Graham Wainer CEO Investment Management, Stonehage Fleming

EMEA

Long term, its ensuring that returns are matched against personal inflation. Inflation varies person to person due to spending habits, e.g. holidays, private school, homes etc. Higher levels in these discretionary areas means a need for riskier assets, but with that comes a higher degree of volatility.

James Wey Head of Singapore and Southeast Asia, Wealth Management, JPMorgan Chase & Co

Asia

The well documented ones – such as inflation continuing – we can prepare for. However, it can be challenging to predict geopolitics. We must be acutely aware of trends and developments and be nimble in cycles that are compressed and can change quickly.

How does the real estate sector factor for you in 2023?

David Bailin, CIO at Citi Global Wealth Management Investments,

Americas

Real estate and alternatives will be where wealth is grown over the coming decade.
With the rapid rise of interest rates, we have witnessed the value of these assets change, but the fundamentals for many sectors have not. We are bullish on residential, industrial and warehousing. The ‘onshoring’ trend is seeing the building of capacity as companies move production closer to home in the US and across Europe.

Annabelle Bryde, Head of UK Private Bank & Crown Dependencies at Barclays

EMEA

Property is a passion for many and will remain so, however, decisions are typically driven not only by returns, but sentiment and need. Whether looking for family use or a specialist asset that drives diversification and yield across a broader range of investments, our clients like the idea of combining passion with practicalities. This becomes more important, and a driver, as global leverage funding costs increase.

Rosie Bullard, Partner at James Hambro & Partners

EMEA

Clients are thinking about their properties and operation costs, particularly in
Europe. Property has a well-founded place in the portfolio, but there is now more scrutiny over liquidity and, for example, who the tenants of commercial properties are.

Sheldon Halcrow, CEO of Caleo Capital North America

Americas

Real estate is still favourable. Whether it’s the desire to have the ‘plan B’ residence or sophisticated investors looking for opportunities among assets that have repriced due to the pandemic and increasing rates.

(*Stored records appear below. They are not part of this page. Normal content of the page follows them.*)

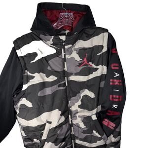 AIR JORDAN boys LAYERED-LOOK HOODED Puffer VEST JACKET XL camo Jump Man Logo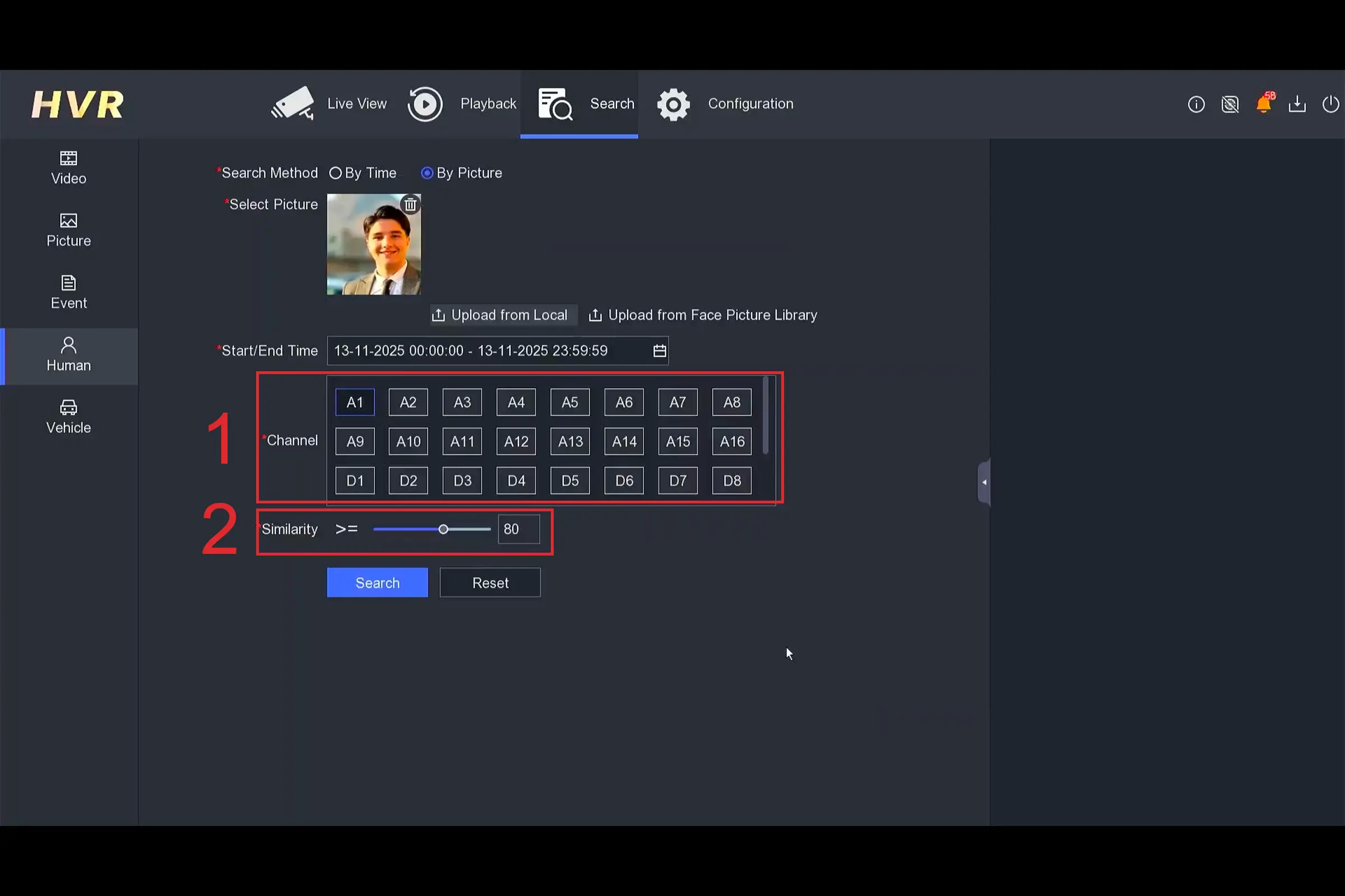 حتماً جستجو را روی همان کانالی تنظیم کنید که Face Capture روی آن فعال بوده (مثلاً A1). اگر کانال اشتباه انتخاب شود، دستگاه عملاً دیتای مرتبطی برای آن کانال ندارد و نتیجهای نمایش نمیدهد.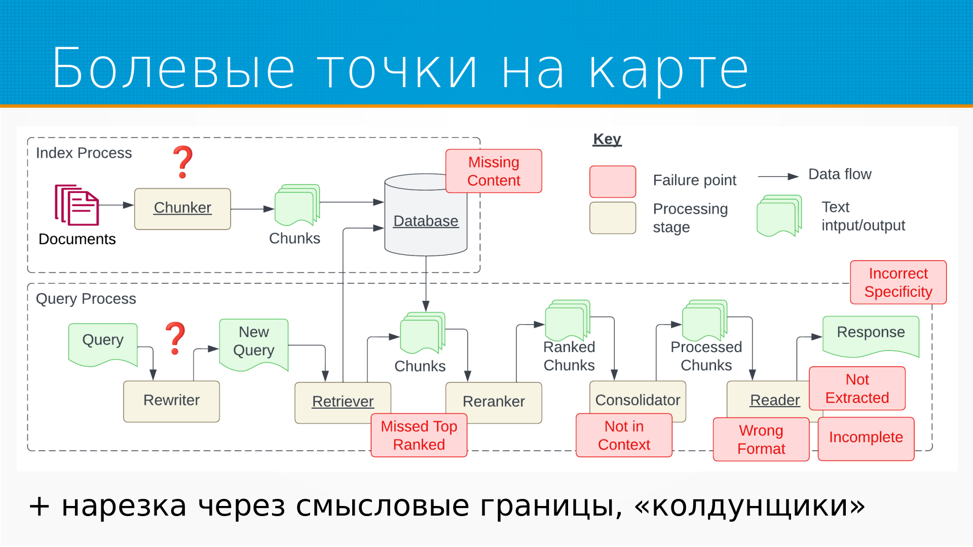 Если вернуться к вот этой карте Рега, то красными как раз прямоугольничками они отметили все вот эти болевые точки. Интересно, что они ничего не сказали о двух самых очевидных болевых точках, которые вот я вижу. Вот. То есть вообще такое в индустрии мнение, что самый большой враг рэк-систем это чанкер. То есть, когда мы берем наши документы и начинаем их резать на кусочки, чтобы потом их искать и подкладывать в промпт, мы можем, во-первых, некорректно резать их. То есть, мы можем, например, резать их по границам предложения, по точкам. Не дай бог, у нас там точка в середине текста, число какое-нибудь или специальное обозначение будет. Мы можем резать их, например, по длине какими-то правилами и легко разрезать предложение по смыслу посередине или абзац посередине. Мы, в общем, можем полагаться на то, что человек разумно отформатировал абзацы, но и тут мы бываем неправы. Самый, пожалуй, продвинутый способ делать чанкеры – это когда специальная языковая модель Вот, она конкретно делает чанки. То есть, когда у нас чанки не регулярками, не какими-то правилами, а другой языковой моделью. Но это достаточно дорого и медленно. Вот. И второй вопрос, к которому они совсем не коснулись, это рерайтер. то есть нам приходит вопрос вот допустим если помните лет например 10 назад яндекс такую штуку придумал колдунчик вы ищите билет в берлин например а он авиаперелет в германию и вот такие вещи расширял ваш запрос А в REC-системах это сейчас вполне хорошо работает. И для рерайтинга используются тоже языковые модели, причем есть такая, например, интересная техника, гипотетического ответа, когда мы берем вопрос и говорим языковая модель, а сочини примерный ответ на этот вопрос, каким бы он был. Она сочиняет и затем мы начинаем искать чанки похожие не на вопрос, а на ответ, что вообще-то говоря логичнее, потому что ответы вопрос могут в разных доменах лежать да вот и вот нарезка через смысловые границы колдунчики они почему-то пропустили такие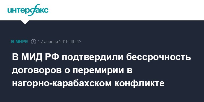 Москва. 22 апреля. INTERFAX.RU - Соглашения о прекращении огня в Нагорном Карабахе от 1994 и 1995 годов остаются основной перемирия в зоне конфликта, заявили в МИД РФ.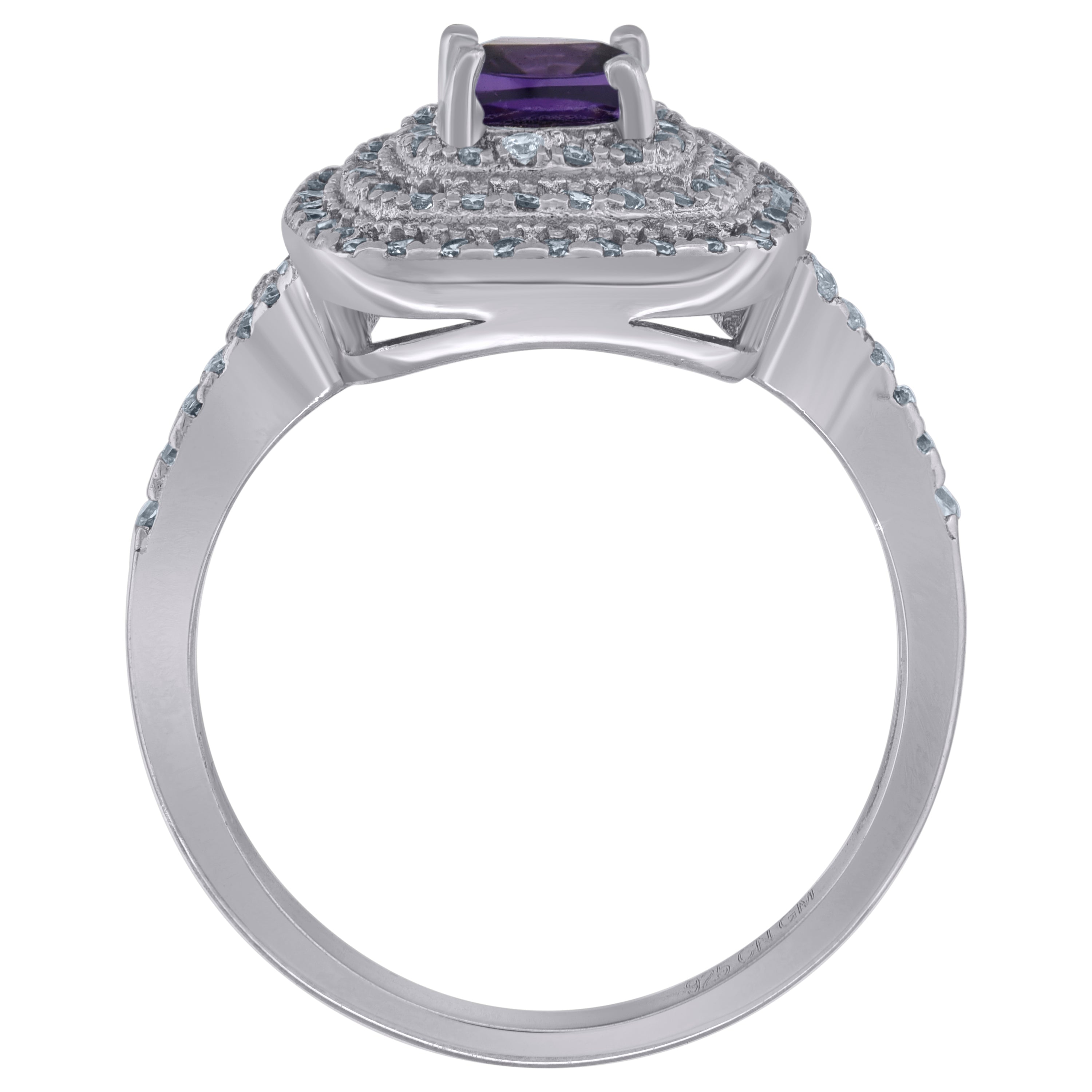 925 Sterling Silver Womens Purple Princess Cut Cubic Zirconia Fashion Ring Size 6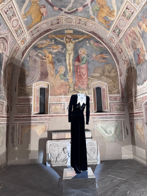 These garments are harmoniously displayed among masterpieces from Brera’s collection, creating a dialogue between couture and classical art, tradition and innovation, style and emotion.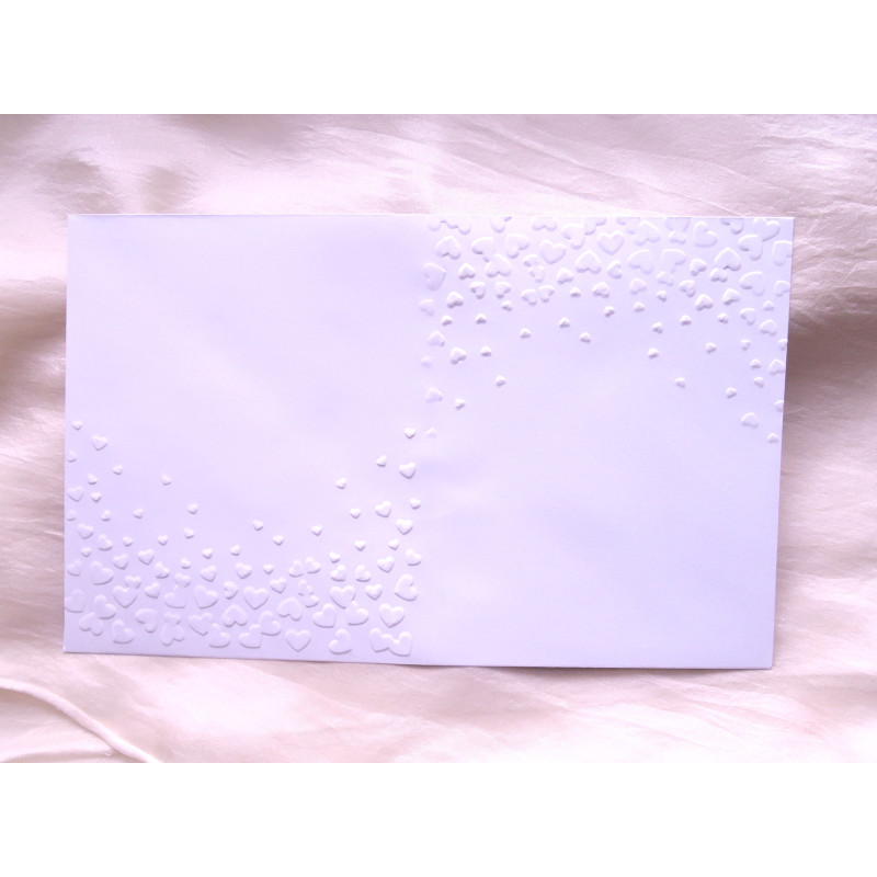 Bílá embosovaná obálka o rozměru 19,5 x 12,5 cm vhodná pro oznámení s 3D zdobením.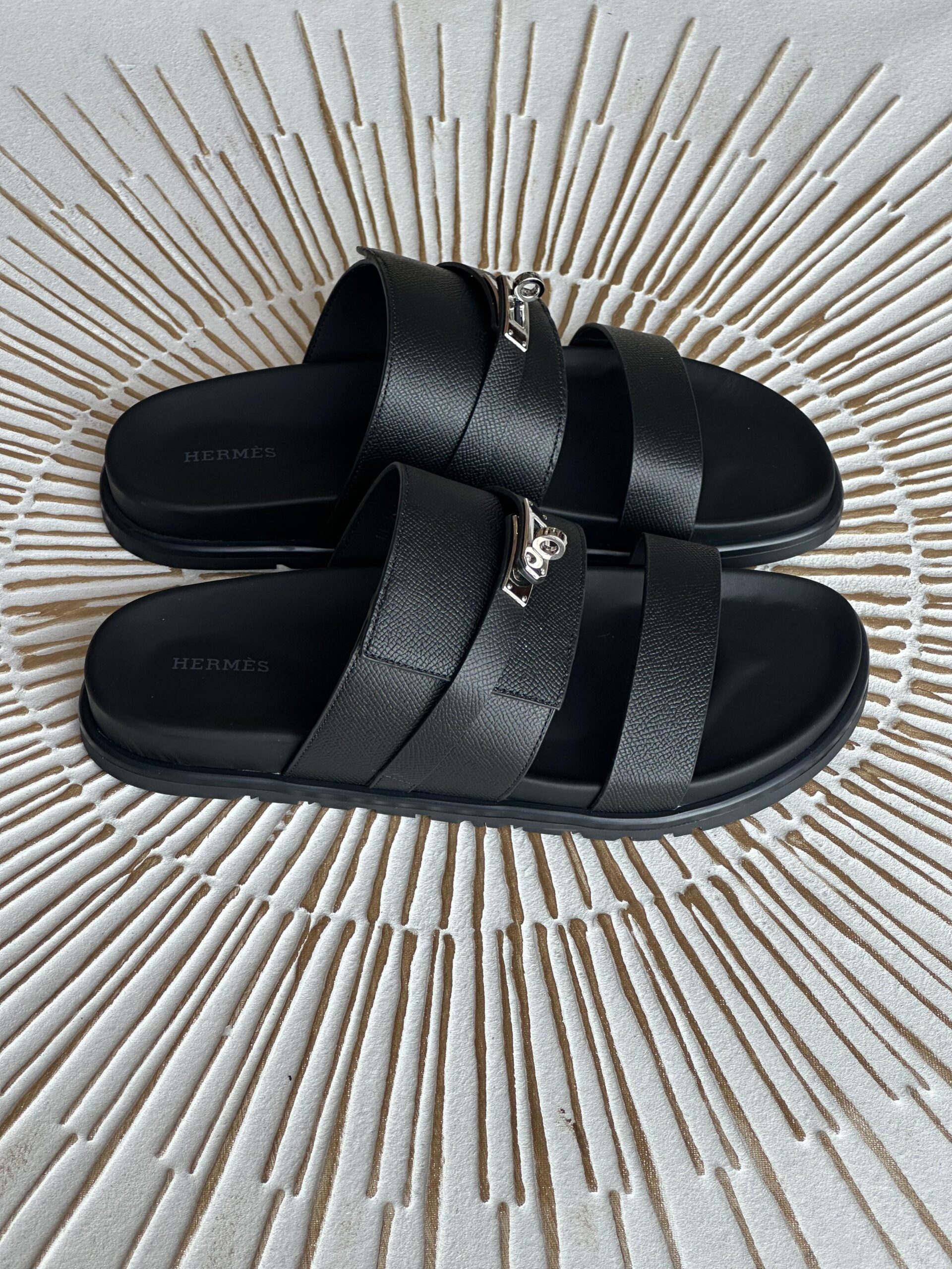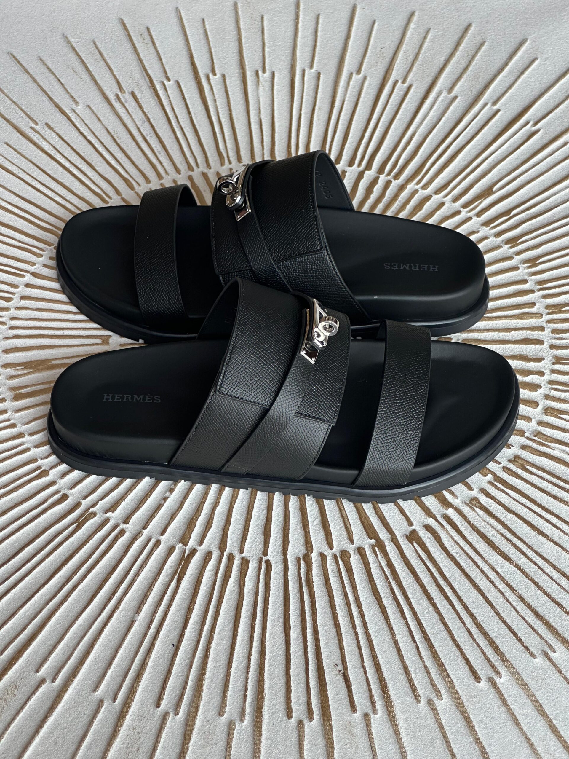 Hermès Jackson Sandal in Black Calfskin – Epsom Techno Sandal with Kelly Buckle”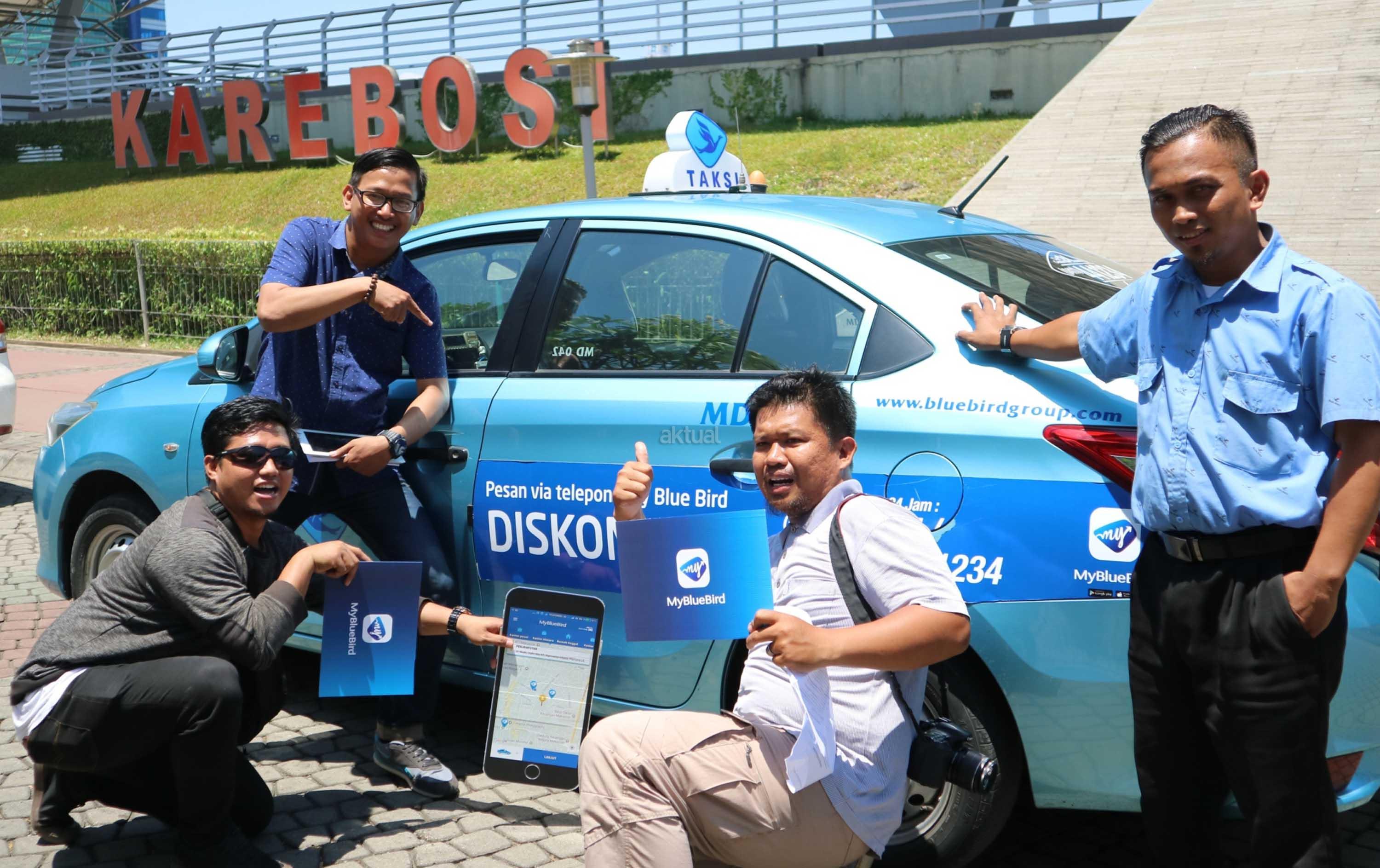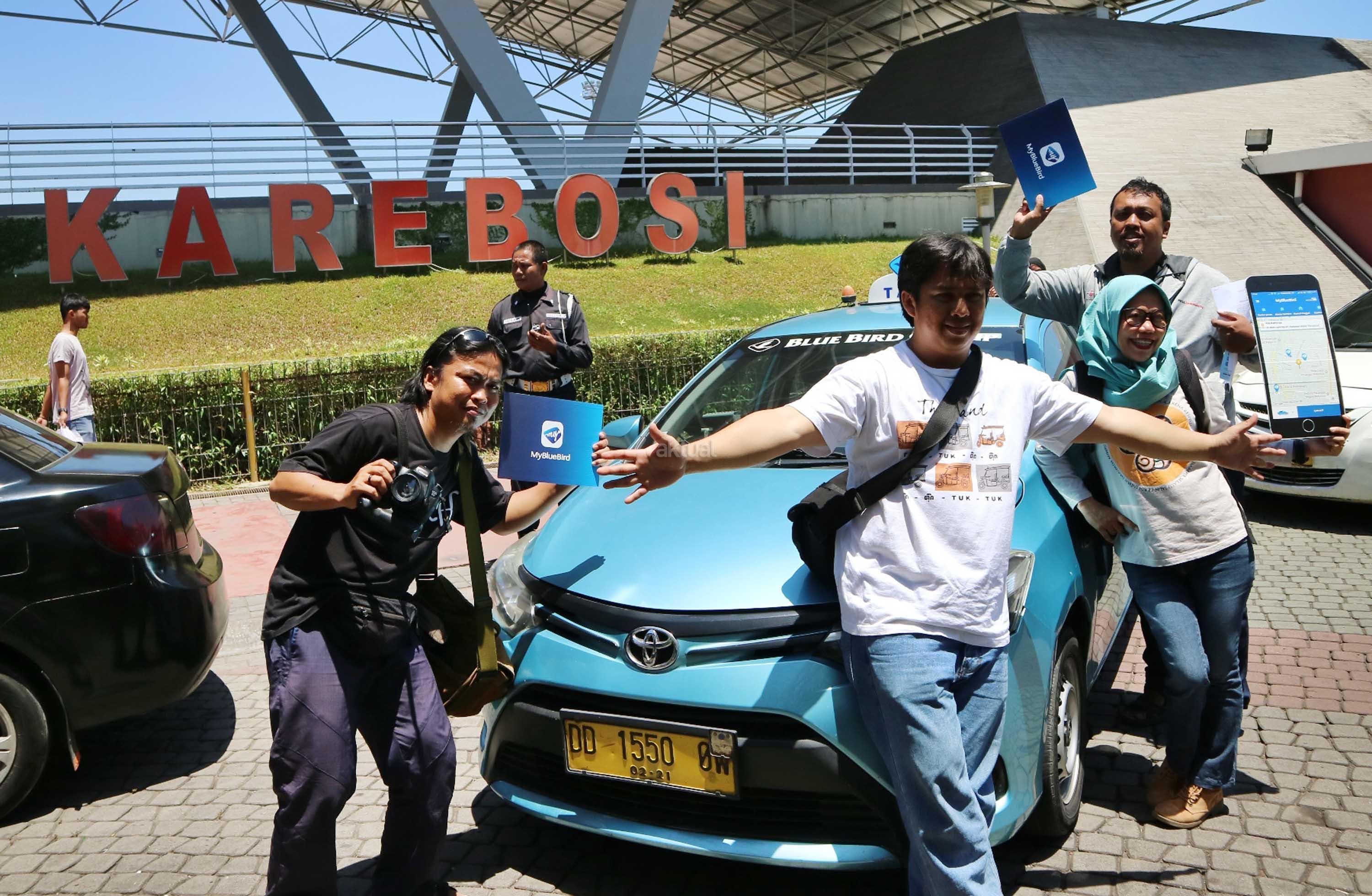 Peserta “Jelajah Makassar” menggunakan aplikasi My BlueBird melakukan swafoto dengan armada taksi Blue Bird saat tiba di Lapangan Kerebosi, Makassar. AKTUAL/Humas Blue Bird

Kunal Lakhani, Director, Family Office & Major Family Groups at NAB

Australasia

We see prime offices as strong. Big corporates are committing to floorspace and increasing amenities to incentivise workers to return to offices. Also, on a smaller scale, we are seeing families seek out safe havens in regional areas and island retreats to escape their cities. Prime residential is also still very strong.

Vincent Magnenat , Limited Partner, Global Head of Strategic Alliances & Asia Regional Head, at Lombard Odier Group

Asia

Interest in alternative assets is on the rise, but investors are cautious. Findings from our recent HNWI study show that APAC investors believe that private assets are a way to capture future structural changes in a regulated and risk-managed way. We are currently cautious on the property sector, but once the dovish pivot in interest rates arrives, we believe it will start recovering more substantially.

James Wey Head of Singapore and Southeast Asia, Wealth Management, JPMorgan Chase & Co

Asia

In an inflationary world, real assets provide some hedge and uncorrelated returns from financial markets. Investors are increasingly thinking about direct investment as there is more predictability and control. We are also looking at sustainable forestry as returns are attractive and not correlated with other markets and assets. Another area is investment in food technology and responsible agritech, particularly given the focus on food security.